Die Grundschule ist längst nicht mehr nur ein Lernort, sondern ein wichtiger Lebensraum für Mädchen und Jungen. Insbesondere die verlässlichen Grundschulen müssen zunehmend auch allgemeine Erziehungsaufgaben übernehmen und die sozialen Kompetenzen der Schüler/innen einüben und festigen. Dadurch werden auch an LehrerInnen und SozialpädagogInnen immer neue, komplexe Anforderungen und Fragen gestellt:

  • Welche Kompetenzen bringen Mädchen mit, welche Jungen?
  • Gibt es soziale Konflikte, die immer gleich verlaufen?
  • Wie gehe ich als LehrerIn/ als SozialpädagogIn mit Konflikten um?
  • Wie kann ich die kulturelle und soziale Vielfalt der Klassen als Ressource nutzen?
  • Wie können SchülerInnen mit in die Verantwortung genommen und demokratische Strukturen in der Schule installiert werden?
  • Wie können wir Eltern als Unterstützende gewinnen?
  • Welche Möglichkeiten eröffnet die Unterrichtstunde „Soziales Lernen“?

Diese Fortbildung will LehrerInnen und SozialpädagogInnen unterstützen, kreative Konfliktkulturen in ihren Alltag zu integrieren. Es sollen Anregungen für eine fundierte Gestaltung entsprechender Themeneinheiten gegeben werden. Dafür werden praxiserprobte Methoden der Gewaltprävention und des Sozialtrainings vorgestellt und reflektiert. Die konkreten Fragen und Fälle der Teilnehmenden bilden dabei den Ausgangspunkt.

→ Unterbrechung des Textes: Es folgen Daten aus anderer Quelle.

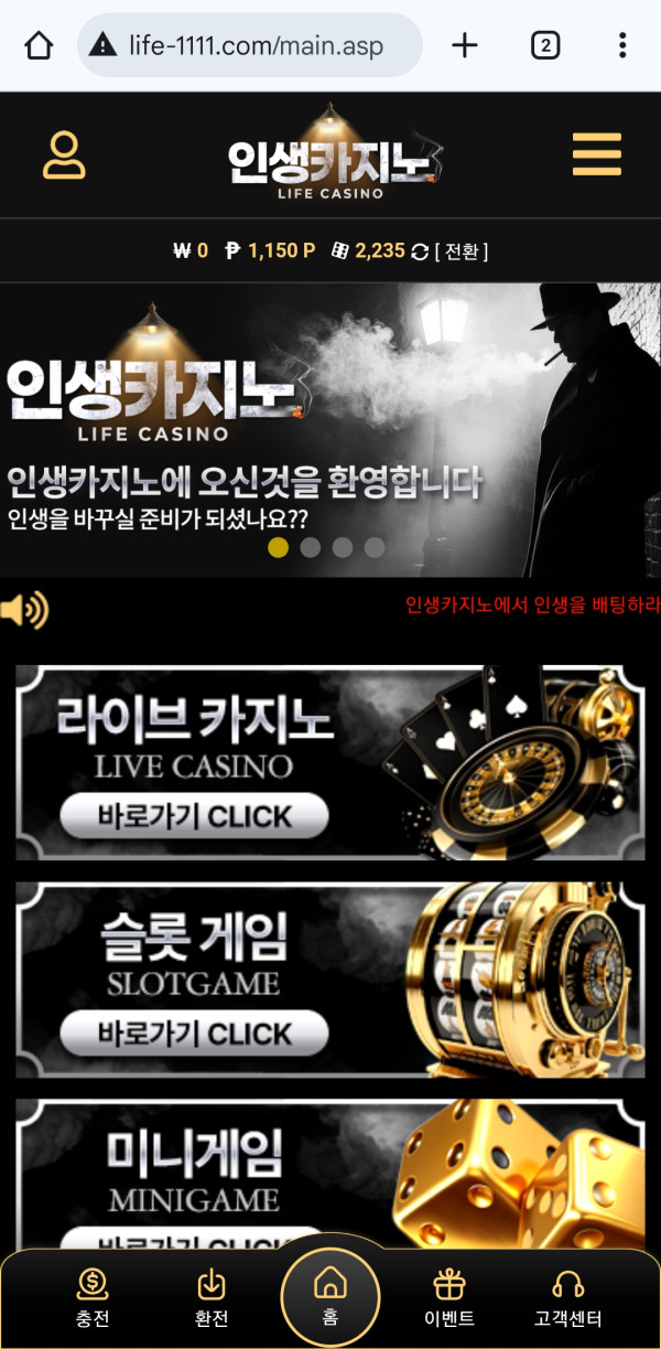 평소 커뮤니티 사이트에서 후기들도 틈틈히 읽어보고 보증업체들도 쭉 보면서 더 좋은 곳은 없을까 생각해왔습니다. 스크롤을 내리던중 상당히 심플한 배너를 하나 발견합니다. '인생 카지노' 떡하니 써있네요 ㅋㅋㅋ 궁금해진 저는 바로 클릭 후 들어가봅니다. 소개글 역시 심플하네요 ㅋㅋ 읽어보시면 아시겠지만 가입을 하게끔 하는 내용입니다.

„Was wird aus meinem Kindheitstraum?“ Berufs- und Lebensplanung für Mädchen und Jungen

Trotz einer bemerkenswerten Vervielfältigung der Modelle und Handlungsoptionen für Mädchen und Jungen weisen ihre Berufs- und Lebenspläne große geschlechtsbezogene (und teilweise geschlechtsstereotype) Unterschiede auf. Oft gerät in Vergessenheit, dass Pädagogen und Pädagoginnen in ihrer Arbeit mit Jungen und Mädchen selbst Vorbilder präsentieren, die ebenfalls geschlechtstypische Faktoren aufweisen.

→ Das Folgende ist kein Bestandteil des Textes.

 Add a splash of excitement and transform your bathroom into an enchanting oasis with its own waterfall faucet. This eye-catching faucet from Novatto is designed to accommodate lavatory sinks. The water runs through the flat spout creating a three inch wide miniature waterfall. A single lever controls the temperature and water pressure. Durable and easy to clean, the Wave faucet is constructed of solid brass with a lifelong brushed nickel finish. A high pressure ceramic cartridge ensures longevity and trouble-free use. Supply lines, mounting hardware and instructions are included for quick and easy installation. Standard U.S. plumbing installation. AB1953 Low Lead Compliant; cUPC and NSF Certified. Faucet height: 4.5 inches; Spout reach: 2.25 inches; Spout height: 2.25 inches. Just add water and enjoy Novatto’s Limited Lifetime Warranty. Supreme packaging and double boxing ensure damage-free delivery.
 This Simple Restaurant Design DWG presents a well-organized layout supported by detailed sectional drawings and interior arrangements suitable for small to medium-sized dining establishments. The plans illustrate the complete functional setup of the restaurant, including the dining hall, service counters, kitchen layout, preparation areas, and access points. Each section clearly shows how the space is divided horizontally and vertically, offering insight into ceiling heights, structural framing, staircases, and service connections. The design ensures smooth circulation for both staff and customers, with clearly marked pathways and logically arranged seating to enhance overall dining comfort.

Ziel des Workshops ist es, PädagogInnen Möglichkeiten zu eröffnen, um Mädchen und Jungen kompetent und geschlechtsbewusst bei Fragen der Lebens- und Berufsplanung beraten und unterstützen zu können.

Dazu laden wir ein,

  • die eigene Haltung in diesem Prozess zu reflektieren,
  • die geschlechtstypischen Positionen von Jungen und Mädchen in ihrer Lebensplanung zu betrachten,
  • den Blick von der Berufsorientierung zur Lebensplanung hin zu weiten,
  • Methoden zur Lebensplanung kennen zu lernen und zu erproben, z.B. Identitäts- und Kooperationsübungen, Methoden zur Sensibilisierung von Selbst- und Fremdwahrnehmung,
  • Methoden zur Perspektivbildung in der Lebensplanung jenseits geschlechtstypischer Rollenerwartungen.

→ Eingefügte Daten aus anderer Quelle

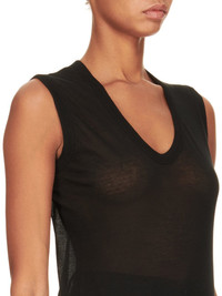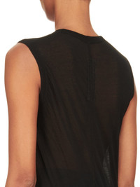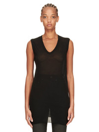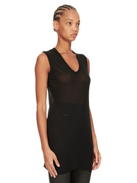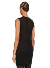 RICK OWENS SS25 HOLLYWOOD V NECK SL T IN BLACK UNSTABLE COTTON THIS V NECK SL T IS BELOW HIP LENGTH AND SLEEVELESS WITH A SOFT V NECK AND A RAW CUT HEM. IT FEATURES THE SIGNATURE SINGLE SEAM RUNNING DOWN THE CENTRE BACK SPINE THIS LIGHTWEIGHT COTTON JERSEY IS SEMI-TRANSPARENT WITH A SOFT HANDFEEL. THIS JERSEY IS MADE USING GOTS CERTIFIED ORGANIC COTTON WHICH MEANS THE NATURAL FIBER IS GROWN WITHOUT HARMFUL CHEMICALS, LEAVING OUR SOIL, AIR AND WATER CLEANER FROM CONTAMINATES WE STRIVE TO KEEP OUR PRODUCTION AS LOCAL AS POSSIBLE. THE FULL MANUFACTURING CYCLE OF THIS PRODUCT, FROM THE MATERIAL KNITTING TO SEWING AND FINISHING, WAS UNDERTAKEN CLOSE TO OUR HOME BASE IN CONCORDIA, ITALY COLOR: BLACK MATERIAL: 100% COTTON MODEL IS 181CM TALL MODEL WEARS SIZE 48

Im ersten Teil der Veranstaltung sollen vor dem Hintergrund der eigenen Arbeit die TeilnehmerInnen in ihrer pädagogischen und Beratungskompetenz gestärkt werden.
Im zweiten Teil werden Methoden zur Arbeit mit Jungen und Mädchen im Bereich der Lebensplanung vorgestellt und ausprobiert.